Задача настоящего сообщения — хотя бы частично восполнить этот пробел путем введения в научный оборот данных статистической отчетности НКВД СССР.
Числовые данные, приведенные ниже, извлечены нами в основном из общесоюзных статистических сводок НКВД за 1939–1941 гг. [Статистические сведения, на основании которых подготовлены представленные нами таблицы, хранятся в Центральном архиве ФСБ РФ. Настоящая публикация — часть более общей работы по статистике политических репрессий 1920-х — 1950-х гг., которую готовит группа исследователей НИПЦ «Мемориал» при содействии ЦА ФСБ РФ. Пользуемся случаем, чтобы выразить искреннюю признательность за постоянную помощь и внимание В.К.Виноградову, А.Я.Николаеву, Ю.М.Разбоеву. Мы глубоко благодарны за консультации и высказанные замечания А.Э.Гурьянову, Е.А.Зайцеву, Н.В.Петрову.] Эти сводки составлялись в виде таблиц в Москве, в Первом (учетно-статистическом) спецотделе Центрального аппарата НКВД на основе статистических отчетов, присылаемых с мест: из НКВД союзных и автономных республик, управлений НКВД (УНКВД) краев и областей РСФСР, из органов НКВД в армии и на флоте (Особые отделы НКВД военных округов, армий, флотов и флотилий) и на транспорте (Дорожно-транспортные отделы НКВД на железных дорогах).

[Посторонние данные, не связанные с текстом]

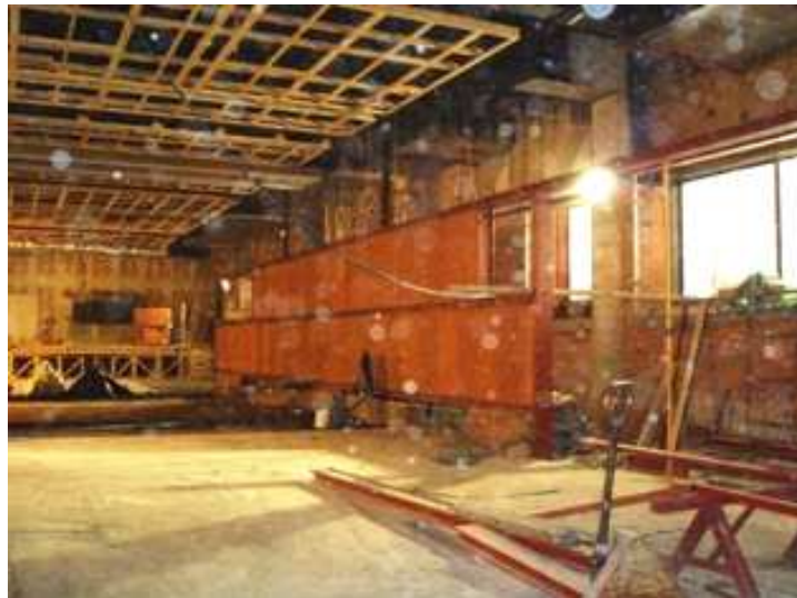
FOTO DE INTERIOR DE EDIFICIO EN CONSTRUCCION

DETALLE DE MOTAS DE POLVO EN FOTO DIGITAL

Для нашей темы существенно то, что УНКВД областей, входивших в составы союзных республик (кроме РСФСР), свои отчеты посылали не в НКВД СССР, а в наркоматы внутренних дел этих республик, которые, в свою очередь, представляли в Москву для общесоюзной сводки, как правило, суммированные данные — без разбивки по областям. Таким образом, из годовой общесоюзной статистической сводки мы не можем узнать, сколько человек было арестовано и осуждено в данном году, например, в Актюбинской или Карагандинской областях — Казахстан, как и все другие союзные республики, в сводке представлен всего одной строчкой — «Каз.ССР». Однако аресты, произведенные НКВД на отторгнутых от Польши территориях, были отнюдь не рутинным явлением в репрессивной практике предвоенных лет. Это была массовая операция, требовавшая прямого контроля центрального руководства НКВД СССР и ВКП(б). Поэтому принятые правила отчетности были откорректированы, и в 1939–1941 гг. Киев и Минск представляли в Москву обобщенные данные отдельно по «старым» и по «новым» своим областям. Соответственно и в общесоюзных сводках Украина и Белоруссия отражены не двумя строчками, как раньше, а четырьмя: рядом с традиционными «УССР» и «БССР» в сводках 1939 г. появились вписанные от руки в типографский бланк с перечнем регионов «Западная Украина» и «Западная Белоруссия». Это позволяло наглядно продемонстрировать результаты операции на бывших польских землях, не смешивая их с итогами деятельности НКВД в «старых» регионах Украины и Белоруссии. Цифры, содержащиеся в этих двух строчках общесоюзных сводок, и представляются нами читателю.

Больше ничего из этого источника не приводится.